▶ **Problem to work on**: Below are some entries. Transcribe the lines from the one holding "2019年5月8日,英国正版" to the one holding "Camisa de hombre", inclusive, but not the pictures among them.

▶ **Available data**:
───
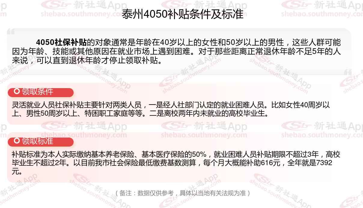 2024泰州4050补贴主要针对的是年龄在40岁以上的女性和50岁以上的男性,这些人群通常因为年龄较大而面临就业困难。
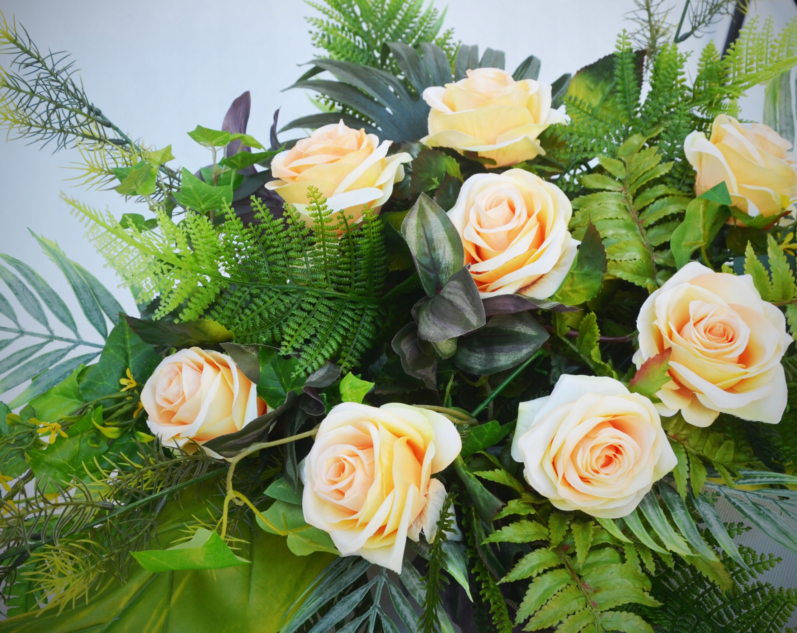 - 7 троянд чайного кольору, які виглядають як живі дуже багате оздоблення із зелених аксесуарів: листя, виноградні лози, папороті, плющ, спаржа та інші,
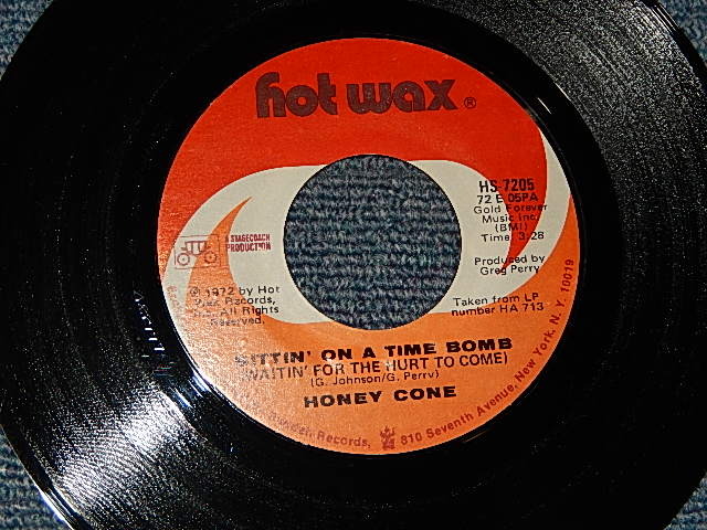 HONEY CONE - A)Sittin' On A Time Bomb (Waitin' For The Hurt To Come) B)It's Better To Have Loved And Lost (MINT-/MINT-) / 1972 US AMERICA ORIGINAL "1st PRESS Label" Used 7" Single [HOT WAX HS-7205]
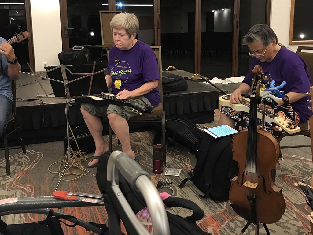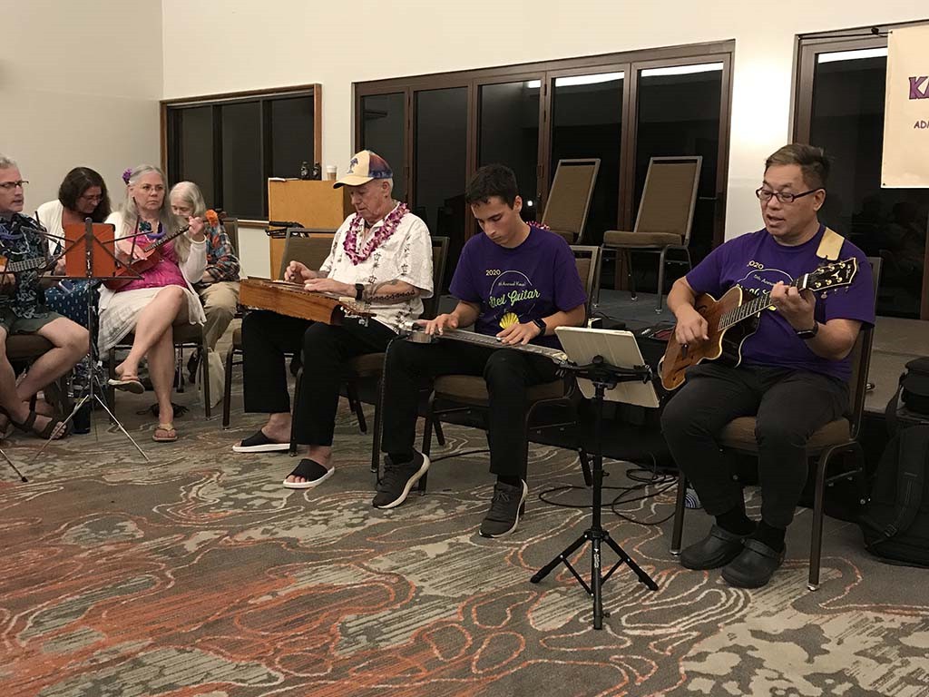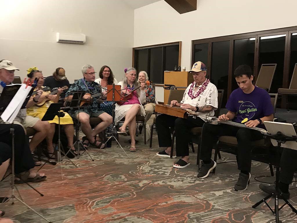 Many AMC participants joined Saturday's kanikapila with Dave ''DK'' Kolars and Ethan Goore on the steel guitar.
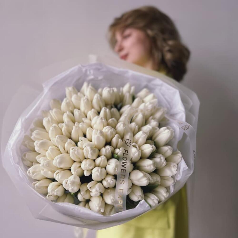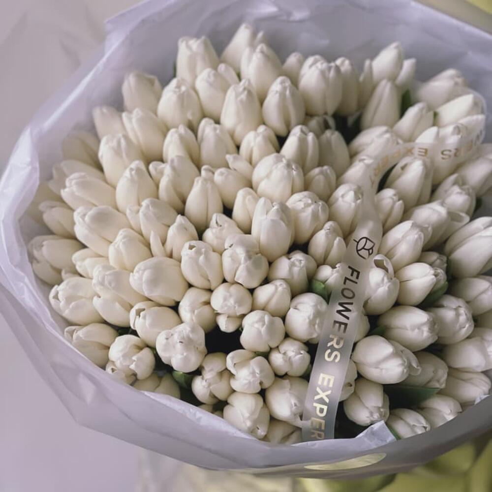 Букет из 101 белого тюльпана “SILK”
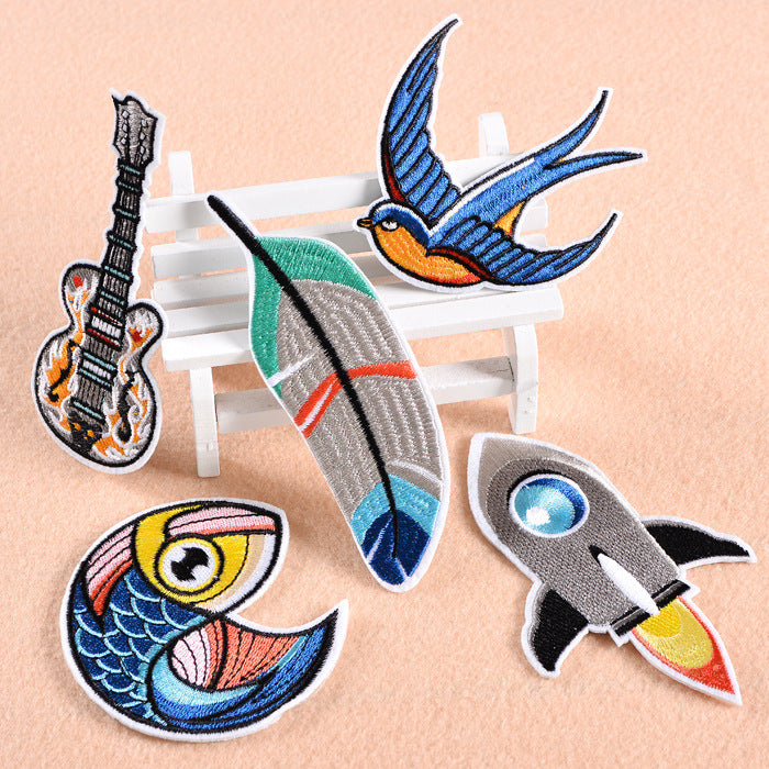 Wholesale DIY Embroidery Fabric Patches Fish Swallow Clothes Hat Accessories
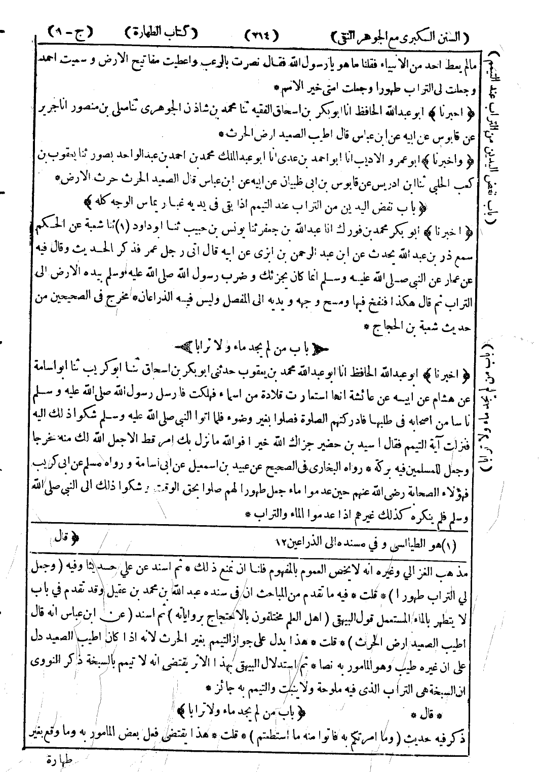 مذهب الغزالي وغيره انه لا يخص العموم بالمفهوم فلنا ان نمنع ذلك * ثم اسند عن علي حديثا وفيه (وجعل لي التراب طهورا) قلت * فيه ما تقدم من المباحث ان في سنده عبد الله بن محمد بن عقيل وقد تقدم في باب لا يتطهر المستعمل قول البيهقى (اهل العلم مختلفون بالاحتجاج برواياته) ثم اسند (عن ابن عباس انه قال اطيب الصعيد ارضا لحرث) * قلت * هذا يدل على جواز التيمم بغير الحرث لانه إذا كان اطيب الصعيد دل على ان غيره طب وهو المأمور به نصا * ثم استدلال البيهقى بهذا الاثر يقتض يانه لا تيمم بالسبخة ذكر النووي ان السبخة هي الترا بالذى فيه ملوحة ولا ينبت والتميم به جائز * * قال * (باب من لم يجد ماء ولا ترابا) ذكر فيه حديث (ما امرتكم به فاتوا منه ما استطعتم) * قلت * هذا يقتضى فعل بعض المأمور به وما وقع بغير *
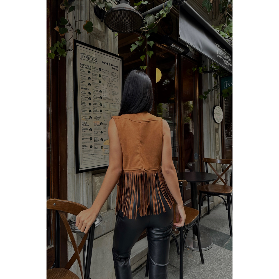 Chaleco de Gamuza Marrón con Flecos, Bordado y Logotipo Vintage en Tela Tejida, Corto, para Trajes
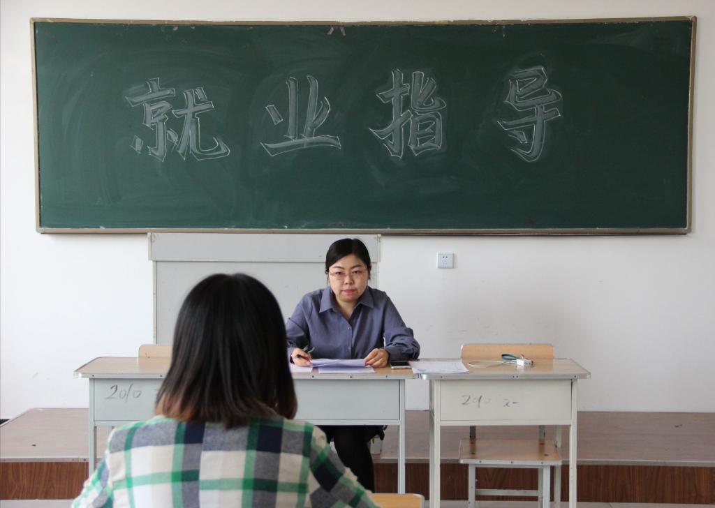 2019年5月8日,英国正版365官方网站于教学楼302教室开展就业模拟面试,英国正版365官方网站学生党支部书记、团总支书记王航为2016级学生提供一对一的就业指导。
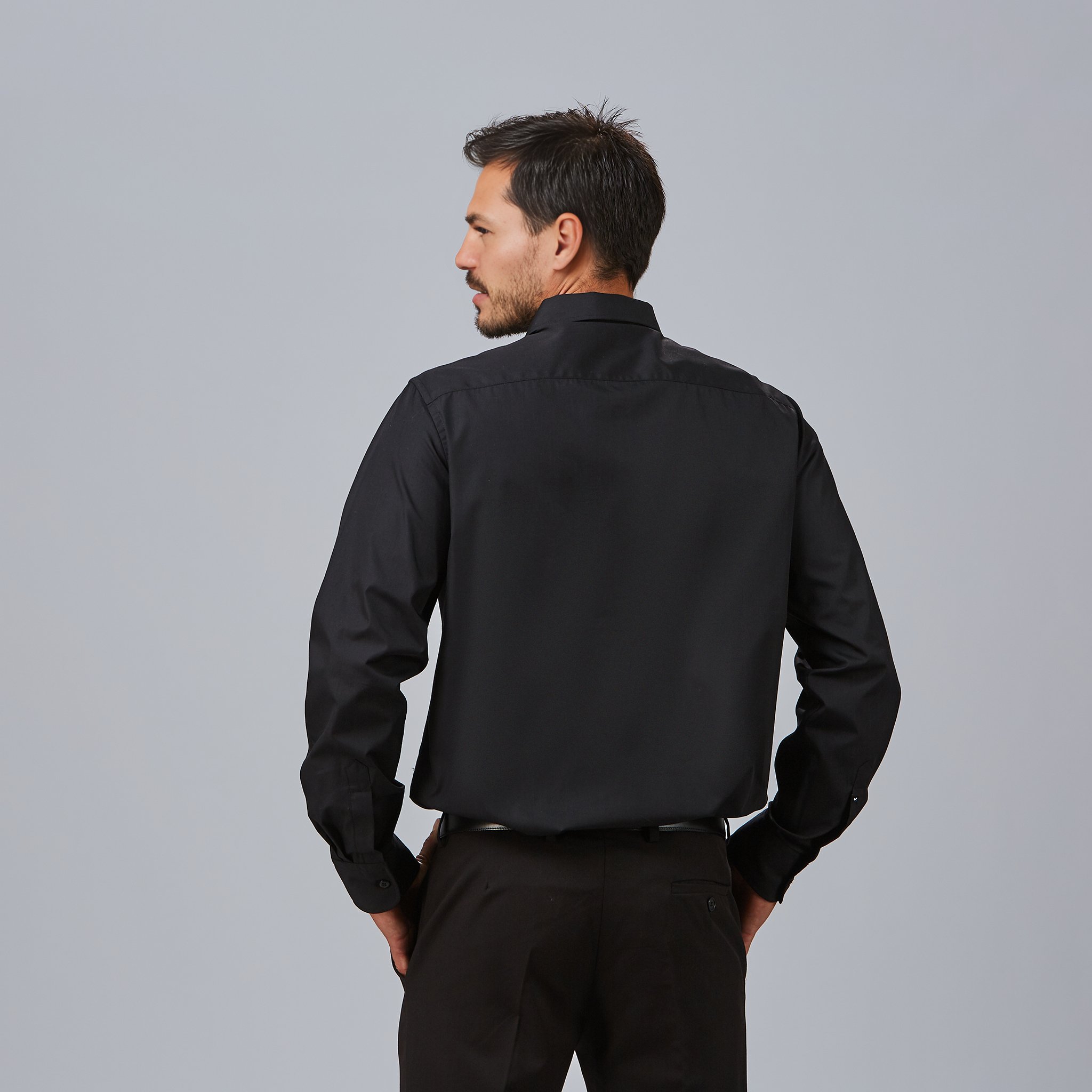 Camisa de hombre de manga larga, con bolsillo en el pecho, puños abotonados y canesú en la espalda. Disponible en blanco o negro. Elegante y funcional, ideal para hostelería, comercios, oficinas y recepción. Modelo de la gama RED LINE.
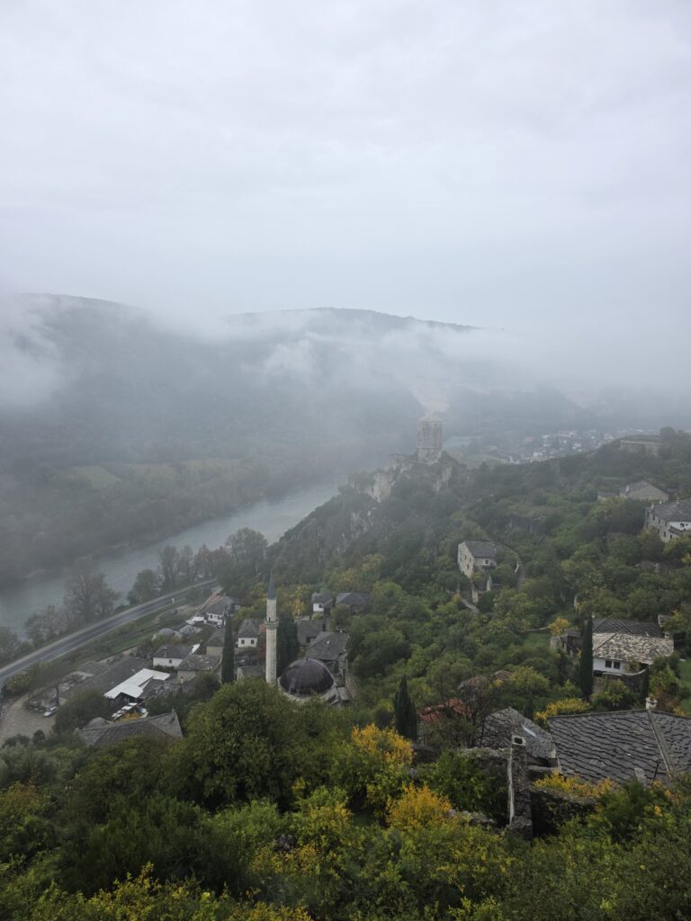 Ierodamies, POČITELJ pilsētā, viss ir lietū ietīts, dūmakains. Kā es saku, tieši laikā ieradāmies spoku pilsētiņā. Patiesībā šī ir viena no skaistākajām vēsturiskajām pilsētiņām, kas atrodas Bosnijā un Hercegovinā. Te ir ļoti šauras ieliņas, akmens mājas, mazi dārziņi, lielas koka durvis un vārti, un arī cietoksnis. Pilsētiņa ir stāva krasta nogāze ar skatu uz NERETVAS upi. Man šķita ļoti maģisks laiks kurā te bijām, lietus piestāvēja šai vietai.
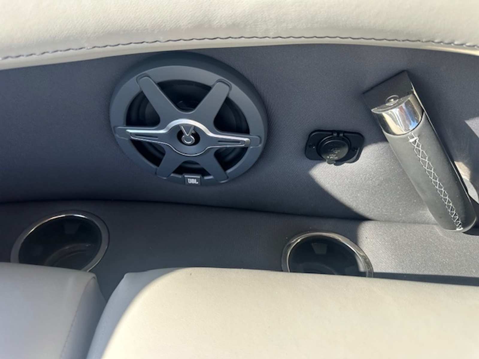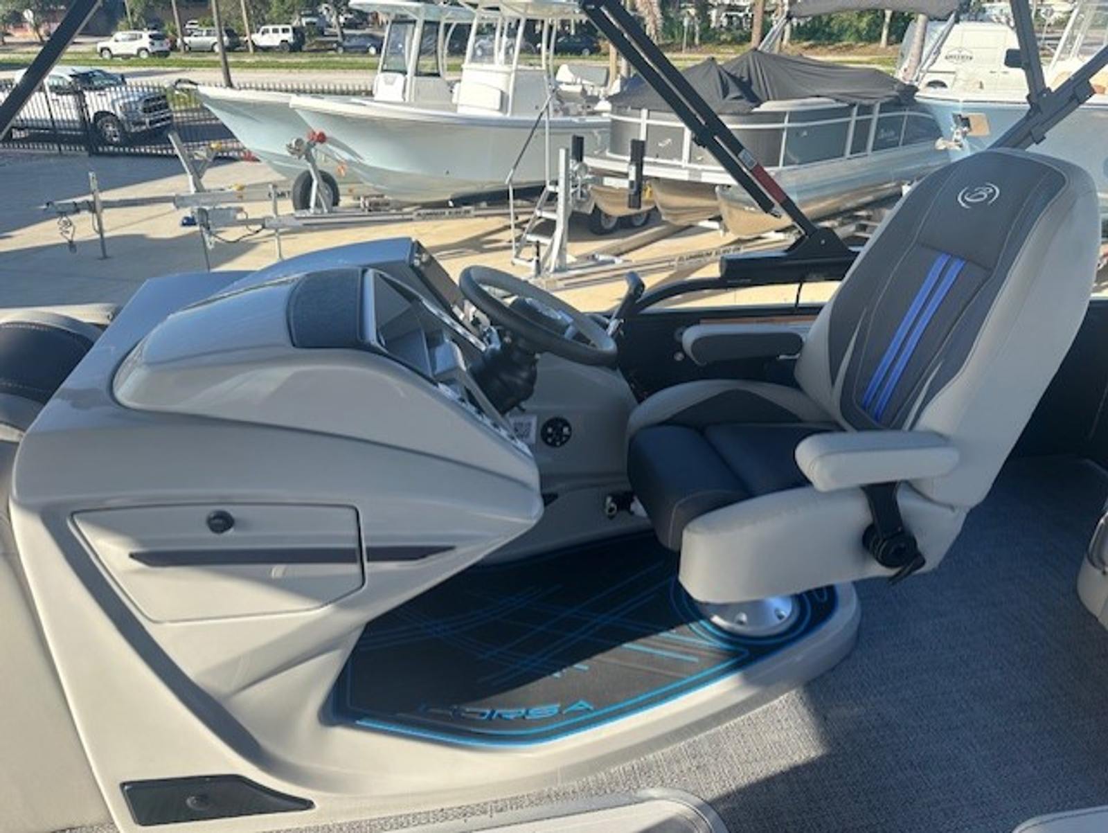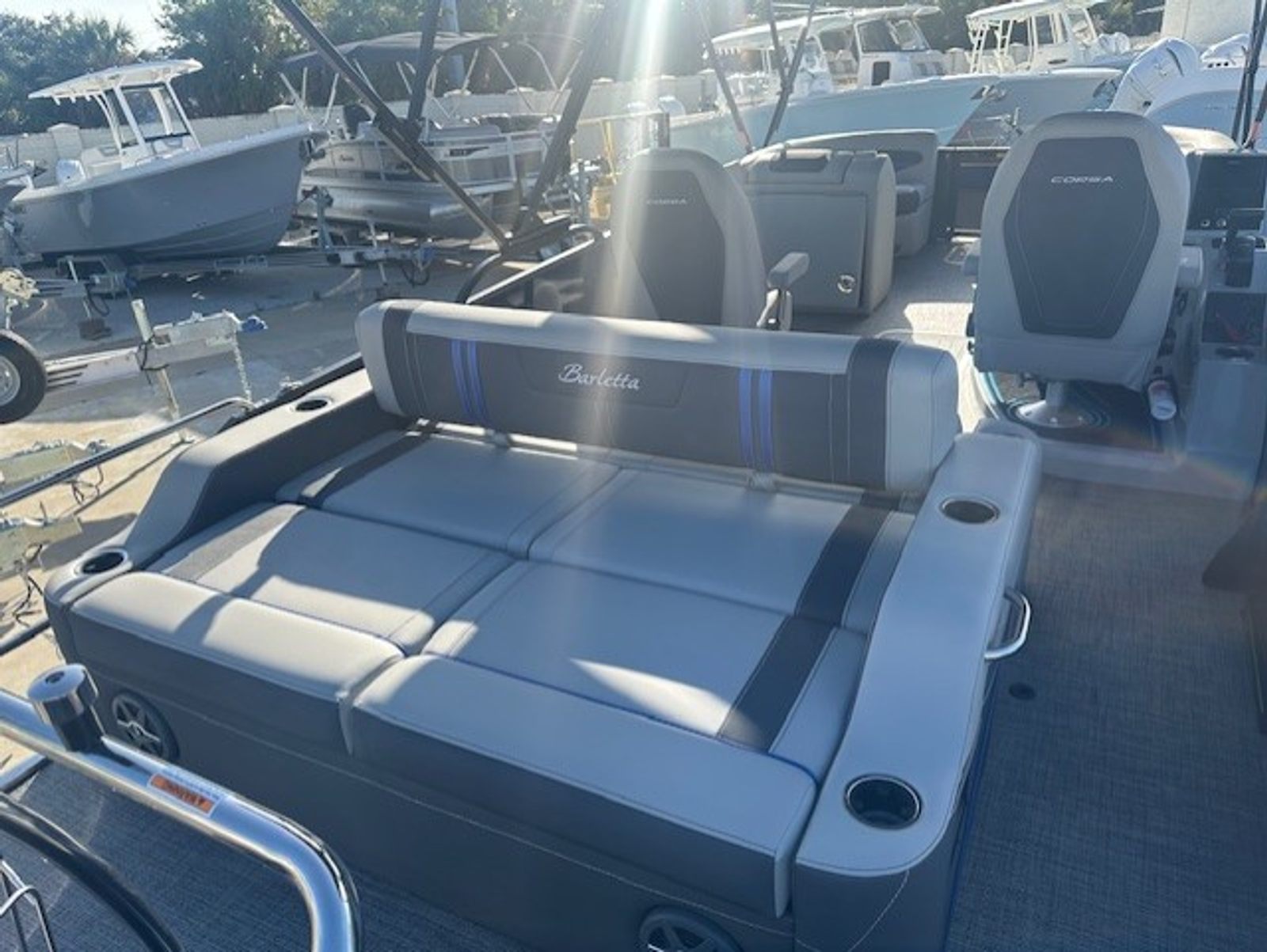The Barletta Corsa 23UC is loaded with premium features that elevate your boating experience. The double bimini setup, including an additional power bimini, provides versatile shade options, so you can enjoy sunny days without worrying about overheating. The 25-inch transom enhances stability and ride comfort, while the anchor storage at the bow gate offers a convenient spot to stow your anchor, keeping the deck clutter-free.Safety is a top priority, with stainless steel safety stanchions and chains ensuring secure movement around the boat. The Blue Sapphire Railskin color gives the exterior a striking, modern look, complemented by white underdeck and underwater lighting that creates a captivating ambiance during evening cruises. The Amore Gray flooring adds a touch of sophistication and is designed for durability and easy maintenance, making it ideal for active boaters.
───
▶ **Solution to this task**:
 2019年5月8日,英国正版365官方网站于教学楼302教室开展就业模拟面试,英国正版365官方网站学生党支部书记、团总支书记王航为2016级学生提供一对一的就业指导。
 Camisa de hombre de manga larga, con bolsillo en el pecho, puños abotonados y canesú en la espalda. Disponible en blanco o negro. Elegante y funcional, ideal para hostelería, comercios, oficinas y recepción. Modelo de la gama RED LINE.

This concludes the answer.